No recém-lançado livro "Apocalypse: How Catastrophe Transformed Our World and Can Forge New Futures" (Apocalipse: como catástrofes transformaram nosso mundo e podem forjar um novo futuro, em tradução livre), a jornalista e antropóloga Lizzie Wade propõe uma mudança de perspectiva radical: encarar o apocalipse não como o fim de tudo, mas como o fim de como vivíamos até agora.

Ao analisar episódios históricos de colapso, ela revela que as grandes rupturas, apesar de devastadoras, frequentemente abrem caminho para profundas transformações sociais, políticas e culturais. Em tempos de pandemia, crise climática e instabilidade política, Wade argumenta que reconhecer o potencial regenerativo do colapso pode ser nossa melhor chance de mudança.

A seguir, cinco lições centrais do livro:

1. Já estivemos aqui antes

O século 21 começou com um baque: a maior pandemia em 100 anos, crises políticas imprevisíveis e uma aceleração dramática das catástrofes climáticas. Mas, ao longo da história, a humanidade já enfrentou colapsos similares – e sobreviveu.

Pandemias, guerras globais, mudanças climáticas bruscas e até o risco de extinção não são novidades.

Para Wade, somos herdeiros de uma linhagem resiliente, criativa e adaptável, que nos deixou ferramentas valiosas para atravessar tempos difíceis. O segredo está em ouvir os relatos do passado.

2. Comunidade e colaboração são cruciais para a sobrevivência

Há cerca de 47 mil anos, humanos enfrentaram um clima instável e imprevisível no norte da Europa. Neandertais e Homo sapiens coexistiram nesse cenário hostil – e, ao contrário da visão tradicional de confronto e extermínio, pesquisas recentes mostram que houve miscigenação e cooperação.

O DNA neandertal presente em quase todos os humanos modernos é prova disso. Eles sobreviveram juntos, não apesar das diferenças, mas por causa da colaboração.

3. Apocalipses destroem velhos mundos e criam novos

Wade define o apocalipse como uma perda coletiva e rápida que transforma profundamente uma sociedade. Foi o que ocorreu no Antigo Egito há 4,2 mil anos, quando uma série de cheias no rio Nilo causou o colapso do poder central e desmontou a ordem estabelecida.
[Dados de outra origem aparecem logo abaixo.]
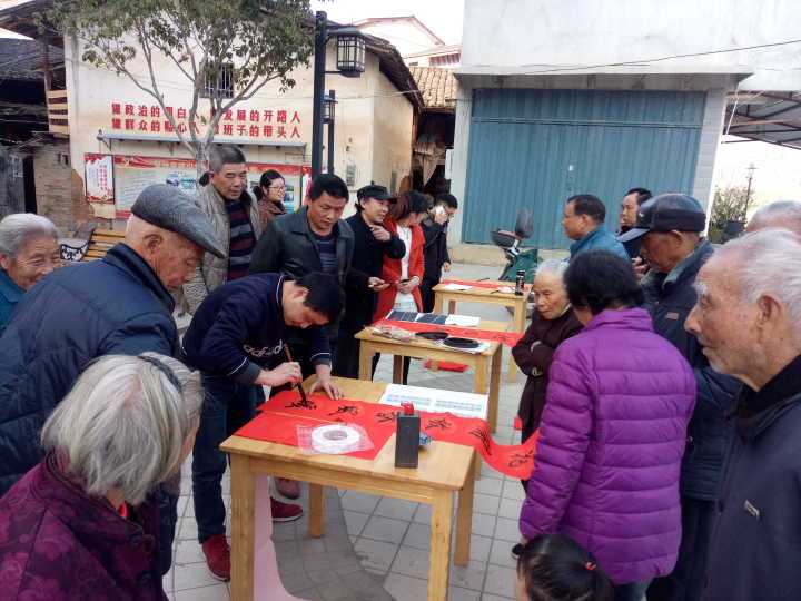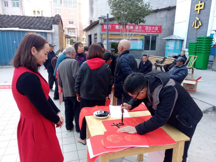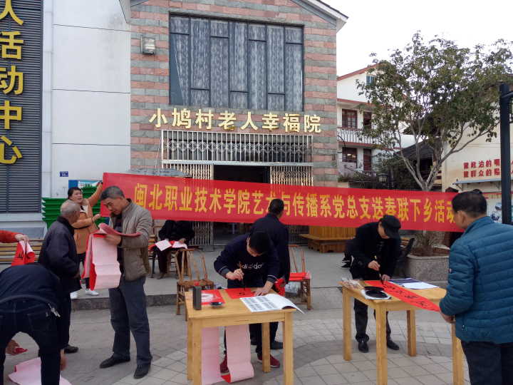 2018年1月18日下午,艺术与传播系党总支组织我院书法爱好者到夏道镇小鸠村开展义务送春联活动。本次活动共为当地村民义务书写春联近百幅,受到村民的热烈欢迎和感谢。我系党总支将充分发挥自身文化艺术资源优势,开展文化下乡活动,为社会主义新农村建设作出应有的贡献。
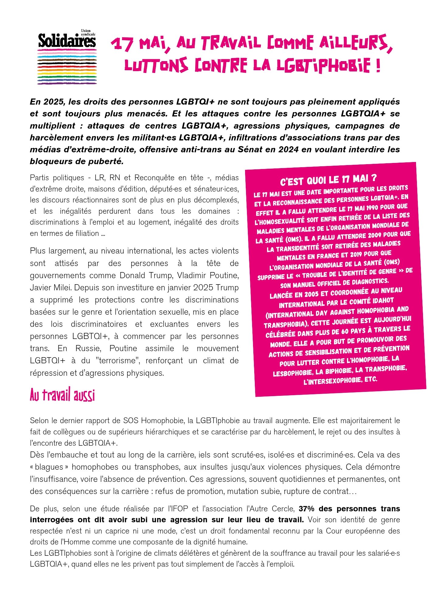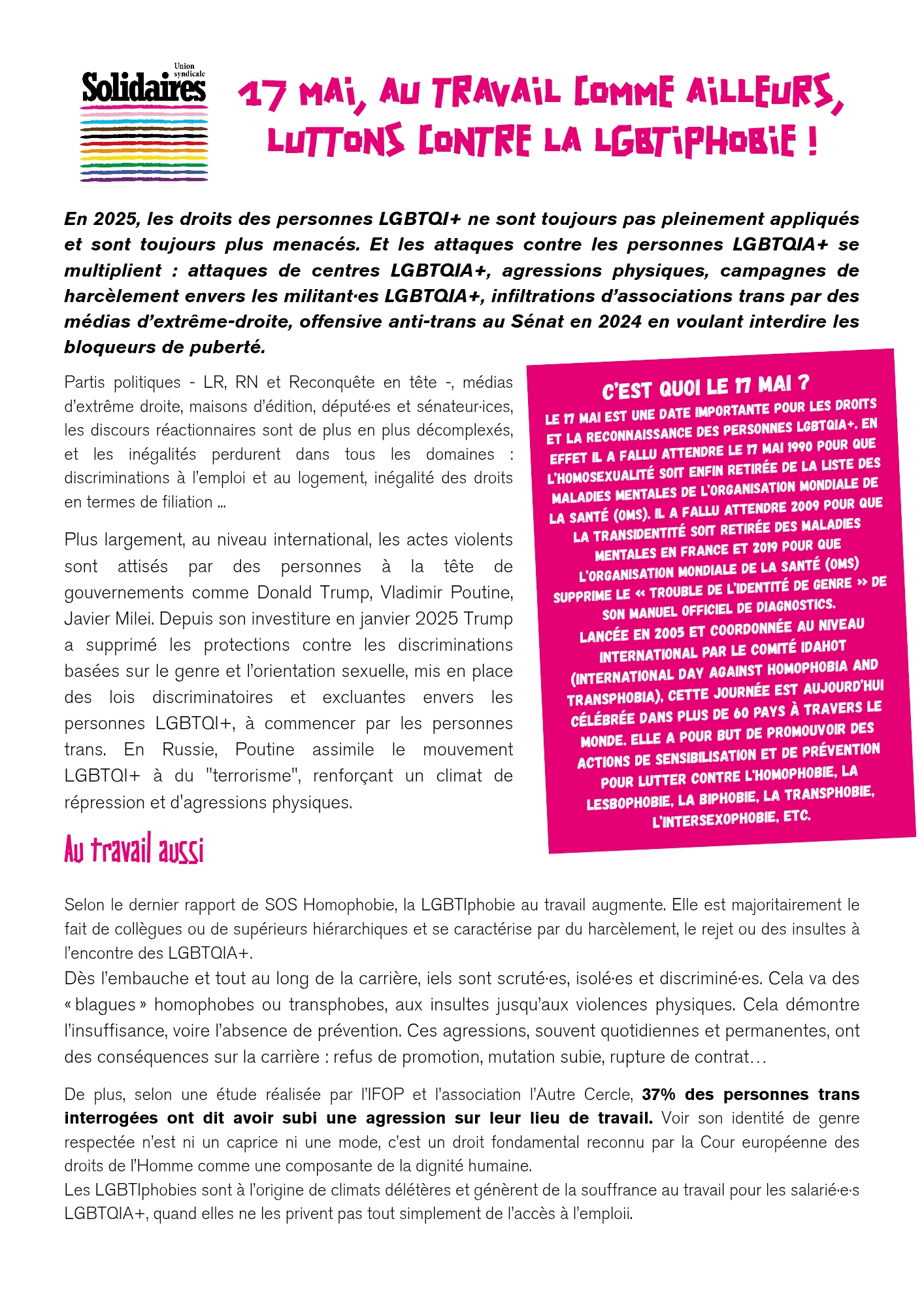 Il est urgent de mettre en place une négociation annuelle obligatoire, des outils effectifs et contraignants de lutte contre les discriminations, de suivi et prévention des discriminations, du harcèlement, mais aussi, de former et sensibiliser les salarié∙es et les directions sur ces questions afin d’obtenir l’égalité des droits et des environnements de travail inclusifs, sans stéréotypes de genre, ainsi que des mesures concrètes contre les violences au travail.
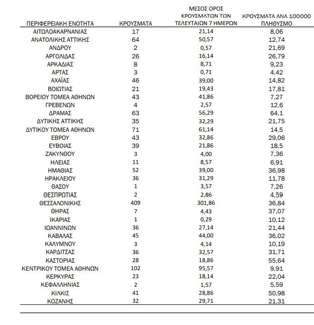 Αναλυτικά η κατανομή των κρουσμάτων σε όλη την Ελλάδα:
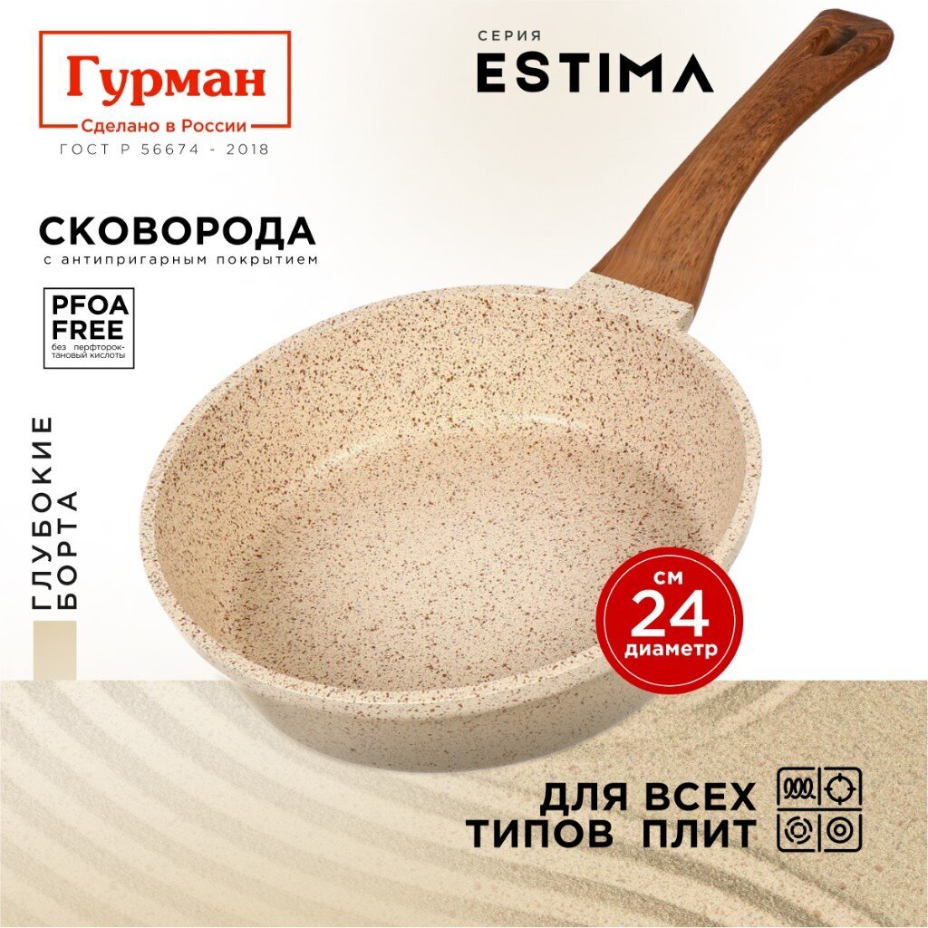 Вы можете приобрести «Сковорода литой алюминий, 24 см, антипригарное покрытие, Гурман, Estima, бежевая, индукция, ГМ2401 ЭБИ» и другие товары в нашем интернет-магазине в Казани по низким ценам и с бесплатным самовывозом.
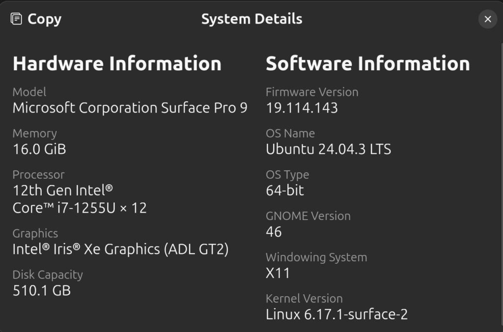 If you’re following exactly my setup, you’ll need to make sure of a few things. First, make sure you’re using X11. Go to settings > system > system details and make sure you see X11 under windowing system:

somos herdeiros de uma linhagem resiliente, criativa e adaptável.

O que se seguiu não foi apenas o caos, mas também o florescimento de lideranças regionais e maior autonomia para as classes populares. Enquanto as antigas elites sofriam, a base da sociedade prosperava, embora seus registros raramente tenham sido preservados na história escrita.

4. O mundo atual já é pós-apocalíptico

A narrativa de progresso contínuo esconde um fato incômodo: o mundo moderno nasceu dos escombros dos apocalipses provocados pela escravidão e pelo colonialismo. Esses eventos não apenas devastaram populações inteiras, como impediram que sociedades colonizadas tivessem espaço para se reconstruir.
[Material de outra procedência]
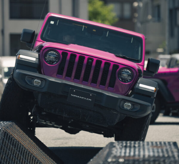 先頭車にJeep Duckを載せたピンクのWrangler(ラングラー)3台が全国を周り、
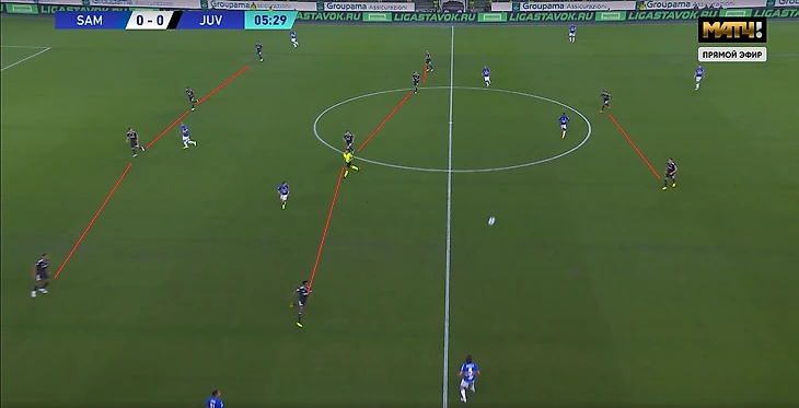 Не так было так много, что какие-то отдельные аспекты выделить трудно. Не так было в целом все в атаке и ее построении. Но начнем по порядку. Ювентус выходил на матч в схеме 4-4-2 при обороне и 3-2-5 в атаке.

A extração desenfreada de recursos e a desigualdade gerada nesses séculos continuam a moldar nossas crises atuais, agravando os riscos de futuros colapsos.

5. O apocalipse é a melhor chance de mudança

Para Wade, não há mais como adiar: o apocalipse já começou. Mas também pode ser a oportunidade definitiva de construir algo melhor. Cada colapso do passado foi uma bifurcação, uma chance de transformação – e este não será diferente.

A palavra “apocalipse”, do grego antigo, significa “revelação”. É quando a verdade vem à tona, mostrando o que nossa sociedade é e o que ainda pode ser.

Se tivermos coragem de encarar esse momento com clareza, poderemos moldar o futuro com nossas próprias mãos.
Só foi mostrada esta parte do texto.